Happy Friday! I'm leaving after work to start our vacation, so posts next week may be sporadic. I'm not sure what the wi-fi situation will be like at the place where we're staying, but I'll do my best to stay in touch.
So yesterday I picked up some booze to bring with us on the trip. I was in the supermarket, so on the way out I stopped by the media section and picked up a new book and some magazines for the train ride, too. At the check-out I saw the cashier giving me the side-eye as I loaded two cases of beer and six big bottles of wine onto the conveyer belt, so I joked, "This should get me through the weekend!" and she laughed. I explained that we were vacationing with six adults for a week, and we chatted for a few minutes.
As she scanned my book, she burst out laughing. I had purchased a memoir called "Smashed," about a woman's journey to sobriety through an alcoholic youth. I didn't even realize the irony until she pointed it out. I rule.
ANYWHOOOOOOOOO, on to the stew! It's a small batch this week, and I'm afraid it might be a trifle bitter for some reason. I think some of the ingredients had spoiled, but don't worry, it still tastes fine. So, what have we learned this week?
THIS GUY is a sex fiend.
Apparently he and his skeletal gold-digging wife both had separate lovers for most of their marriage, and Larry's mistress was his wife's sister. Ack! What happened in those girls' childhood to make them crave (or even tolerate) old man cock?
Suck it, Planet Earth!
On Thursday we celebrated Earth Day by dumping tons of crude oil into the Gulf Coast after one of our oil rigs exploded and then sank. This has to be some sort of retaliation for all these earth quakes, floods, hurricanes, volcanic eruptions, wind storms, and bizarre weather, right? Take that, Mother Nature! Don't mess with us humans, yo. We will fuck you up.
(On a serious note: this story bums me out.)
Kim Kardashian sucks.
That's not how you hold a cat, you stupid bitch. Of course PETA was all over her for this picture, and rightfully so. Do us all a favor and stop putting on your pouty "sexy" face for the camera long enough to actually fire your one existing brain cell once in a while, mkay? Actually, while you're doing us favors, just go away.
Everybody's talking about how much Ke$ha sucked on SNL last weekend.
Wait, did anyone ever claim she was talented? I missed that part. I like that catchy, dance-able song Tik Tok, but then again, I like lots of things that are terrible. (See: Twilight and InStyle magazine.)

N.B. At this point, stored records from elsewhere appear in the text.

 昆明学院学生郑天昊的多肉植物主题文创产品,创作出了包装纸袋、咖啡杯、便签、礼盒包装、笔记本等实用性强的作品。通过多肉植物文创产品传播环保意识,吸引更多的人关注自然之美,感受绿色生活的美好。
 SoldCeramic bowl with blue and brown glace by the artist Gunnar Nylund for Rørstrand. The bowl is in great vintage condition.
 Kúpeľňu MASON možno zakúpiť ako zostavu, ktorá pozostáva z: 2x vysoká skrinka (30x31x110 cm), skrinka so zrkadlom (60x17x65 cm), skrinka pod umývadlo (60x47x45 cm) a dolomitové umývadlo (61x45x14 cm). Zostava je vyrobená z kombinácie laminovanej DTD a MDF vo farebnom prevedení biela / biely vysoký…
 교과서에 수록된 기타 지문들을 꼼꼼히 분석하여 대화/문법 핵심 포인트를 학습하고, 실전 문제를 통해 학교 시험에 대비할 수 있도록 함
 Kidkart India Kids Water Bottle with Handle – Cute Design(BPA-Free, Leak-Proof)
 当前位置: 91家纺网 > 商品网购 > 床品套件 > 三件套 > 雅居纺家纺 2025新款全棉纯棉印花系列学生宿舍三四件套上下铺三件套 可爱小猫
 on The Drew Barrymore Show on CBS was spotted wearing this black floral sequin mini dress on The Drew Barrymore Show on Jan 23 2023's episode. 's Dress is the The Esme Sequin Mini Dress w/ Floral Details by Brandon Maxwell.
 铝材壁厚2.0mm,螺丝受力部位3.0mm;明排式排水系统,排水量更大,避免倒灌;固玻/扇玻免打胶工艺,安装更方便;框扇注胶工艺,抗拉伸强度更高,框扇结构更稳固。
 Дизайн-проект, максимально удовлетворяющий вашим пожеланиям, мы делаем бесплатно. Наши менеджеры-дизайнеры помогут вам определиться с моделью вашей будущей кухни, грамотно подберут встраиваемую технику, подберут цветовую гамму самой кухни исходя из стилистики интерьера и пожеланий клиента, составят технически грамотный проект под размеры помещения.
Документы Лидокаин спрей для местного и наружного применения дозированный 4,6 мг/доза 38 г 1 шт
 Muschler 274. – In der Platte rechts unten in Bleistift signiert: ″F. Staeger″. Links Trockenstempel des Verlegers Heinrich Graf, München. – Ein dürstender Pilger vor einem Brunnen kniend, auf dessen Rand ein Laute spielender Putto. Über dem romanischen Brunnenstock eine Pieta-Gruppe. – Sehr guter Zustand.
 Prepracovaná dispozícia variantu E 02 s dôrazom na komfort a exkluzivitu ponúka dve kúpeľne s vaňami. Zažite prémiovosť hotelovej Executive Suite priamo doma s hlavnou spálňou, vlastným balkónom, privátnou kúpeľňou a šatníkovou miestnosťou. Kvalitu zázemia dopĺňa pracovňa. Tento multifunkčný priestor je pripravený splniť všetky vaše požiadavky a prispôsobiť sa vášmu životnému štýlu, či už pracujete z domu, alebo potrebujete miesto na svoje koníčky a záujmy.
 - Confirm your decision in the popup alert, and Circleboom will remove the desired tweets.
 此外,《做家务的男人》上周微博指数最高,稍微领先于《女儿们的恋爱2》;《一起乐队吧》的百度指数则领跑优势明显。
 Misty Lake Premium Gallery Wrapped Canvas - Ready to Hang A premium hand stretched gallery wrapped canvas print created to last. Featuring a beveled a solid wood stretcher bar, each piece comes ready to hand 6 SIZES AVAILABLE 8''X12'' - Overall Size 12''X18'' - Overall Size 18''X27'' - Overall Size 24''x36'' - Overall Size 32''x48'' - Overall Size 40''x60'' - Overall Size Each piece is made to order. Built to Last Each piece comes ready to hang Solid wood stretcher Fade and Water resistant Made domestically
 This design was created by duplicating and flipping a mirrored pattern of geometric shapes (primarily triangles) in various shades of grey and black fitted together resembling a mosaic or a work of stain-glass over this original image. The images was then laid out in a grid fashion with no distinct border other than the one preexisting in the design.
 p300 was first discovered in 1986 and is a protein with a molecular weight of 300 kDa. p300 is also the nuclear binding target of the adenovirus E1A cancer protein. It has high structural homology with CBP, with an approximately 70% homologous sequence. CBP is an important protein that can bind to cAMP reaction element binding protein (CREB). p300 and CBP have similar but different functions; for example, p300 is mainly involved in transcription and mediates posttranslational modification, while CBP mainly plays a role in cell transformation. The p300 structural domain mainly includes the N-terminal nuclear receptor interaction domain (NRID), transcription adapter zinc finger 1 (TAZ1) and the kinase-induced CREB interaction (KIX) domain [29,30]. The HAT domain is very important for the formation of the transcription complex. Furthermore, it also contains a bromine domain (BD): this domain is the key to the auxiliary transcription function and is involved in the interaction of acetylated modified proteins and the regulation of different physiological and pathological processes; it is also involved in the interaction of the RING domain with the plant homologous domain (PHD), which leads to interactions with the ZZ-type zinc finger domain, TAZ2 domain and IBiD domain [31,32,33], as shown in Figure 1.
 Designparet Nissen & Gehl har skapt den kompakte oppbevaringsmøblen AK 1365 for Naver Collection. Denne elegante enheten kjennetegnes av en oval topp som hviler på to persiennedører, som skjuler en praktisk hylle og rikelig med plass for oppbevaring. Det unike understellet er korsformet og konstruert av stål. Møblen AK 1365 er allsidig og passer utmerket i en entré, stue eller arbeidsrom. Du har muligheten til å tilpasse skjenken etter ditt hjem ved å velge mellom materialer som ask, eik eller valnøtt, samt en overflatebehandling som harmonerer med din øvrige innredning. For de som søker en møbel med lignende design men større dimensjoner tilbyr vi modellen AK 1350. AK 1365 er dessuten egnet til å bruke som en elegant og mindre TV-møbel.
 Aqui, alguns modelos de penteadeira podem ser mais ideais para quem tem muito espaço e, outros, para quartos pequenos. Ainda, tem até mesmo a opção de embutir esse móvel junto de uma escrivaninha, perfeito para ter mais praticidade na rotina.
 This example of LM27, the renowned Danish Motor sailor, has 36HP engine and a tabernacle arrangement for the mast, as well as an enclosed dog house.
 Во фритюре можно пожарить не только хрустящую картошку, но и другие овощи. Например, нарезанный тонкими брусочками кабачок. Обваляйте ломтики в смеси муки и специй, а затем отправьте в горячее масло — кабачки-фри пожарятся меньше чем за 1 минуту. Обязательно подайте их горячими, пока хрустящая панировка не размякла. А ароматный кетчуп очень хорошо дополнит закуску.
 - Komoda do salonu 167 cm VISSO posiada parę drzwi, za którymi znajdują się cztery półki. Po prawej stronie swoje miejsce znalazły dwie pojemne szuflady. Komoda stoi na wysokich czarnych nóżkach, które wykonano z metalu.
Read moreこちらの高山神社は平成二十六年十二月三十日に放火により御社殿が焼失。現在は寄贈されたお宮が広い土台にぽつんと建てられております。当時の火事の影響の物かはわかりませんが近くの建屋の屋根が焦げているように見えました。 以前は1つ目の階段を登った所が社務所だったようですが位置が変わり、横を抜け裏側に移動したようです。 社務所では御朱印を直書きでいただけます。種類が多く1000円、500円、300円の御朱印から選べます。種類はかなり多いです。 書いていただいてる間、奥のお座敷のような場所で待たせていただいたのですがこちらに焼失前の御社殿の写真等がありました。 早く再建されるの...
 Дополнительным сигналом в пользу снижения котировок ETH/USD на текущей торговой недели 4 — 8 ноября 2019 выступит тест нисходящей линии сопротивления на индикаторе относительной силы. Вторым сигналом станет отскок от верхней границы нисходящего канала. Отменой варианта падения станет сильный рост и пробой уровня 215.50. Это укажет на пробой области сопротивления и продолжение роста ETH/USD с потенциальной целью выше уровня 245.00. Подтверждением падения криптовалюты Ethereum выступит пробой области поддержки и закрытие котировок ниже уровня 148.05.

TMI Fall-Out I have a hot double date with Elliott & his wife Lori this weekend, and thanks to yesterday's TMI story, at least one of them will be thinking about my hairless hoo-ha while we dine. Fan-friggin-tastic! It's all part of my evil plan to insert inappropriate thoughts into the heads of all of my friends, one post at a time....
**evil laughter**
And yes... I will get Elliott liquored up and take pictures, don't you worry!